"Prey" im finalen Test: Bethesda liefert den Sci-Fi-Hit 2017 [mit Video]

"Prey" ist eine Überraschung. Auf mehreren Ebenen. Was aussieht wie ein Ego-Shooter, entpuppt sich beim Spielen als ein Genre-Mix mit spannender Geschichte, offener Spielwelt und einem Art-Design, das seinesgleichen sucht.

Eigentlich hätte dieser Test schon zum Release von "Prey" am 5. Mai fertig sein sollen. Aber Bethesda macht es einem mit ihrer eigenwilligen Review-Politik nicht gerade leicht, wenn die Muster teilweise erst zum Start des Spiels verschickt werden. Und auch "Prey" macht es einem nicht leicht: Mit 15 bis 20 Stunden Spielzeit solltet Ihr beim ersten Durchlauf rechnen – plus zwei weitere, wenn Ihr alle Trophäen und Enden erleben wollt. Ich weiß, der aktuelle Speedrun-Rekord liegt bei knapp über zehn Minuten – aber "Prey" ist kein Run&Gun-Shooter wie "Doom", sondern ein erzählendes Spiel, das sich Zeit nimmt und diese auch von Euch einfordert. Aber – so viel vorweg – Ihr werdet es nicht bereuen.

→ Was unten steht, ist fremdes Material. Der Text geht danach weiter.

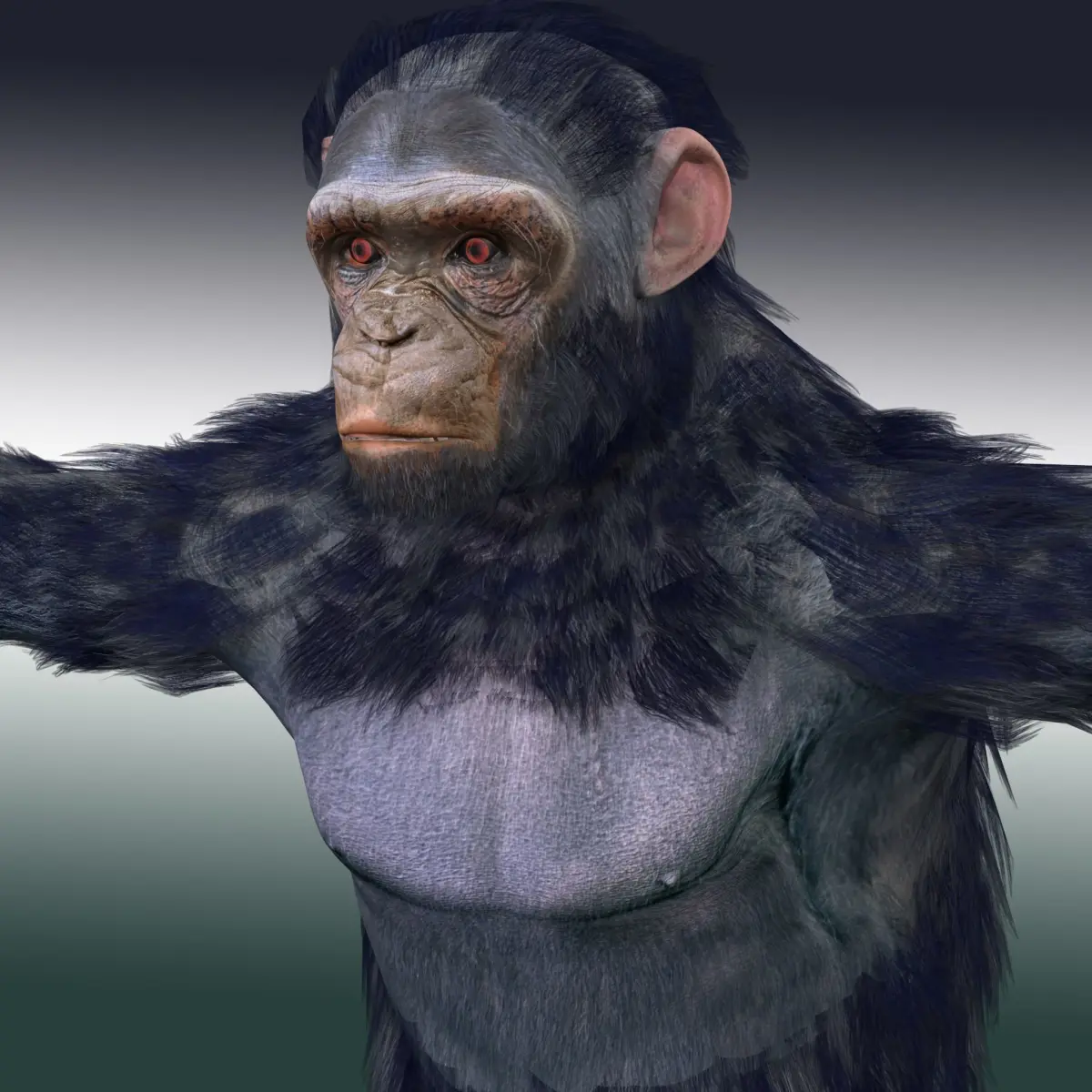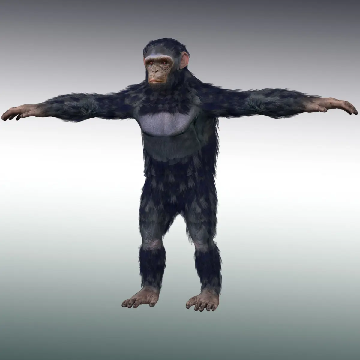 Chimpanzee Detailed model with texturing Fully Rig Model, UV unwrapped, textured with edited materials, Character can be scaled up or down to merge into your scene. No special plugin needed to open scene. All colors can be easily modified. Model Format - 3DS MAX - 2018 Autodesk maya - 2018

Anmerkung: Dieser Test beruht auf unserer Preview mit einigen Anpassungen aus dem späteren Spielverlauf.

Die Story: eine alternative Zeitachse

John F. Kennedy ist gar nicht tot. Das heißt, doch. Mittlerweile schon. Allerdings ist er 1963 keinem Attentat zum Opfer gefallen, sondern sehr viel später an Altersschwäche gestorben. Zuvor hatte der US-Präsident der Raumfahrt jede Menge Forschungsgelder bewilligt, damit diese eine Station namens Talos 1 im All installieren können. Diese fungiert dabei vor allem als Gefängnis für Außerirdische, die sogenannten Typhon.

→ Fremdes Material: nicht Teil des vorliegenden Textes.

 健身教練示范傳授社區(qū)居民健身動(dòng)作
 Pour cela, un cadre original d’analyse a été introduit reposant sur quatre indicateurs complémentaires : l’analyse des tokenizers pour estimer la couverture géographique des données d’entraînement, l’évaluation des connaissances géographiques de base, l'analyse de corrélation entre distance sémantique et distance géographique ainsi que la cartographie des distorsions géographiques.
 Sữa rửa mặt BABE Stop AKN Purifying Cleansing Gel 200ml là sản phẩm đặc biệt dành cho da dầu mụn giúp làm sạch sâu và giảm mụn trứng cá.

Zeitsprung ins Jahr 2032: Die Raumstation Talos 1 gehört mittlerweile dem Unternehmen TranStar und dient als Forschungseinrichtung. Dort interessieren sich die Wissenschaftler für die Aliens hauptsächlich in Hinblick auf ihre Fähigkeiten und wie sich diese auf den Menschen übertragen lassen. In moralisch fragwürdigen Experimenten werden menschlichen Probanden Geräte ins Auge gepflanzt. Diese sogenannten Neuralmodifikatoren, kurz Neuromods, ändern die neuronale Vernetzung des Anwenders, wodurch jener in der Lage ist seine eigenen Fähigkeiten zu verbessern und die der Aliens zu adaptieren. Klingt kompliziert, ist es offenbar auch. Denn die Tests verlaufen nicht unbedingt risikofrei und dummerweise löschen die über das Auge eingesetzten Implantate auch noch Teile des Gedächtnisses.

Aus diesem Mysterium erwächst von der ersten Spielminute die Neugier, in "Prey" auf die Suche nach Antworten zu gehen. Schon zu Beginn gewinnen wir die Erkenntnis, dass wir als Morgan Yu offenbar Teil eines an "Die Truman Show" erinnernden Experimentes seid. Nicht ganz freiwillig, versteht sich. Unser Protagonist ist zwar Wissenschaftler und als solcher in die der Experimente zugrundeliegenden Forschung involviert. Dass Euer Bruder Alex Yu, der die Experimente verantwortet, darüber hinaus anscheinend noch andere Pläne verfolgt, entfaltet sich aber erst im Laufe der Handlung.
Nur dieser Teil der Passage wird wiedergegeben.